Showing a Show

I recently attended the opening of my tenth gallery show.  I’ve spoken before about how much hard work goes into art, but that work isn’t over just because you have all the pieces done.  The display of your work is almost as important as the time and labor that went into making it.

There are a few things you have to think about while you are making work for a show that can save you a lot of headache.  The first one is how much work you need to produce in order to fill the space you are allotted.  The second is the size of your pieces in relation to the specific needs of the space.  I’m not saying that there is only one correct way to hang any specific body of work, but to show it off to the best advantage, it is a good idea to take the space into consideration.  For instance, are there two five-foot walls on either side of a door?  Perhaps you should make pieces of the same size to go on either side to make a pleasing visual harmony.
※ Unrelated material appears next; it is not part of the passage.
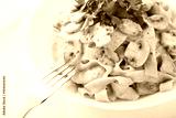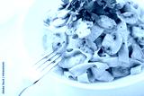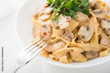 Pasta with creamy sauce, mushrooms and paprika close up.

In my case, I also had to consider cord management since most of my pieces are powered by electricity.  Above is an image of one main wall of the gallery my work is currently hanging in.  You can see that the cords are wrapped neatly around the hanging system.  This was a workaround we came up with after seeing what the cords looked like when allowed to just do what they wanted.  Below is an image of a piece without the cord wrapped.  Visually, it is much more distracting.


Another really important thing to consider is lighting.  Most of my pieces are iluminated, and I didn’t want the gallery lighting to fight with that.  Because of this, the show was scheduled early in the year – to minimize the amount of light from the large windows in the gallery that would wash out the effect of my work.  We also pointed the track lighting in the gallery at the floor in front of the work.  This provided enough light to see the craftsmanship of each piece without inhibiting the effect of the lights on the overall visual integrity of each piece.  However, I did do four small art-jewelry pieces that required lighting.  We worked hard to attain a soft light that wouldn’t contrast harshly with the rest of the lighting in the room.


There is a lot more than that which goes into the install of a show, but I hope this gives you a taste of what kind of considerations need to be made when hanging a body of work.